This tends to zero as $n \to \infty$ because $L$ is a constant (depending only on the constellation) and $\min_i E_i(\epsilon) > 0$ .

Total rate approaches capacity

The total information rate is $\sum_i R_i = \sum_i (C_i - \epsilon) = C_{\rm CM} - L\epsilon$ . As $\epsilon \to 0$ , the aggregate rate approaches $C_{\rm CM}$ , with vanishing aggregate error probability. $\blacksquare$

,

Theorem: Error-Propagation Bound at Stage $i$

Let $p_{<i} = \Pr(\text{at least one of } \hat b_0, \ldots, \hat b_{i-1} \text{ is in error on a given symbol})$ and let $P_{e,i}^{\rm genie}$ be the stage- $i$ bit-error probability when the history is delivered by a genie. The actual stage- $i$ bit-error probability in MSD satisfies

$P_{e,i} \;\le\; (1 - p_{<i}) \, P_{e,i}^{\rm genie} \;+\; p_{<i} \, P_{e,i}^{\rm wrong\text{-}coset} \;\le\; P_{e,i}^{\rm genie} + p_{<i},$

where $P_{e,i}^{\rm wrong\text{-}coset} \le 1$ is the worst-case bit-error probability when the stage- $i$ decoder operates on the wrong coset.

On a given symbol, either the history is correct (probability $1 - p_{<i}$ , genie-like performance) or it is wrong (probability $p_{<i}$ , at most worst-case error).

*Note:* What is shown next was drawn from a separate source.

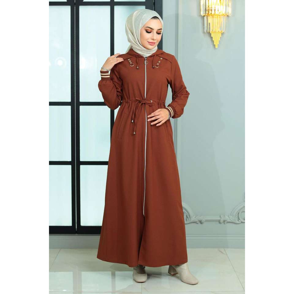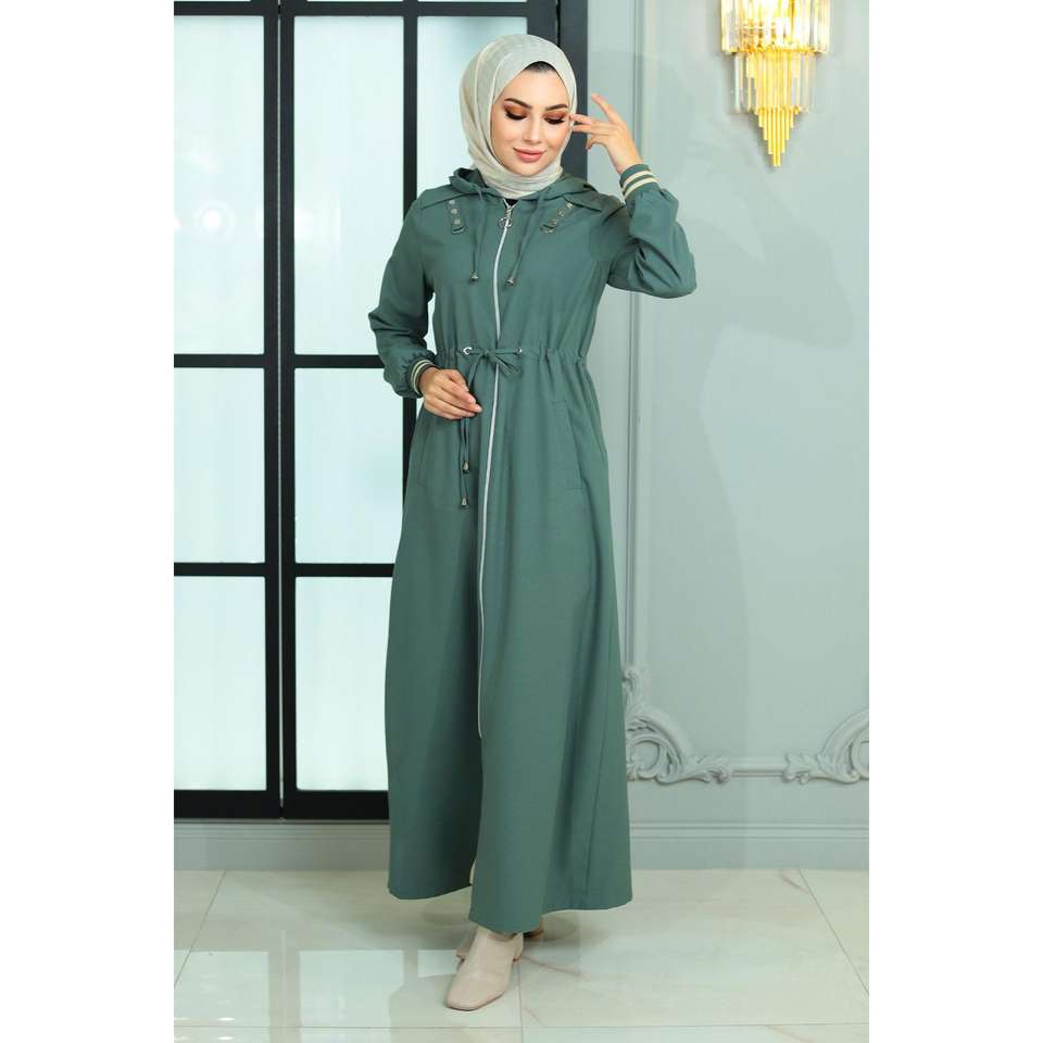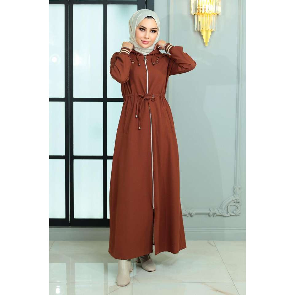 Manteau Abaya Trench-coat Modeste Quotidien à Lacets et Fermeture Éclair, Taille Élastique, Modèle Mega Merchant 18974

The bound says the extra error due to propagation is at most the probability of a history error.

Show Hint

Condition on the event $H_i = \{(\hat b_0, \ldots, \hat b_{i-1}) = (b_0, \ldots, b_{i-1})\}$ .

Apply the law of total probability.

Bound the conditional error under $\overline{H}_i$ by $1$ (worst-case).

Proof

Conditioning on the history event

Let $H_i$ be the event that the decoded history on a given symbol matches the true history. By the law of total probability,

$P_{e,i} \;=\; \Pr(H_i) \, P(\text{bit-}i \text{ wrong} \mid H_i) + \Pr(\overline{H}_i) \, P(\text{bit-}i \text{ wrong} \mid \overline{H}_i).$

Under $H_i$ the stage- $i$ decoder sees the genie channel, giving $P_{e,i}^{\rm genie}$ .

Worst-case bound on the propagated term

Under $\overline{H}_i$ , the stage- $i$ decoder operates on a shifted coset and its bit-error probability is at most $1$ (a trivial upper bound) and at least $P_{e,i}^{\rm wrong\text{-}coset}$ . Using $\Pr(\overline{H}_i) = p_{<i}$ and bounding the worst case by $1$ ,

$P_{e,i} \;\le\; (1 - p_{<i}) P_{e,i}^{\rm genie} + p_{<i} \cdot 1 \;\le\; P_{e,i}^{\rm genie} + p_{<i}.$

$\blacksquare$

Example: Quantifying the Propagation Penalty at Level 1

Suppose an MSD receiver for 8-PSK operates with stage-0 residual BER $p_{<1} = 10^{-3}$ . The genie stage-1 BER at some SNR is $P_{e,1}^{\rm genie} = 10^{-4}$ (hypothetical). Under a pessimistic model, a history error at stage 0 causes stage 1 to operate with effective squared distance halved (from $d_1^2 = 2$ to $d_1^2 / 2 = 1$ ). What is the total stage-1 BER, and by how many dB is stage 1 degraded compared with the genie case?

Solution

Apply the propagation bound

By Theorem thm-msd-error-propagation,

$P_{e,1} \;\approx\; (1 - 10^{-3}) \cdot 10^{-4} + 10^{-3} \cdot P_{e,1}^{\rm wrong\text{-}coset}.$

Estimate the wrong-coset BER

With squared distance halved the $Q$ -function argument is divided by $\sqrt{2}$ , costing about $3$ dB. At $\text{SNR}$ around the genie operating point, $P_{e,1}^{\rm wrong\text{-}coset}$ is typically an order of magnitude larger — say $10^{-3}$ for this numerical example.

Combine

Substituting,

$P_{e,1} \;\approx\; 10^{-4} + 10^{-3} \cdot 10^{-3} = 10^{-4} + 10^{-6} \;\approx\; 10^{-4}.$

The propagation term is four orders of magnitude smaller than the genie term at this operating point — negligible. The rule of thumb: as long as $p_{<i} \ll \bigl(P_{e,i}^{\rm genie} / P_{e,i}^{\rm wrong\text{-}coset}\bigr) \approx 0.1$ , propagation causes less than a $1$ dB shift. For the capacity-rule rate allocation (where each stage operates at its own threshold) this condition is typically satisfied by a wide margin.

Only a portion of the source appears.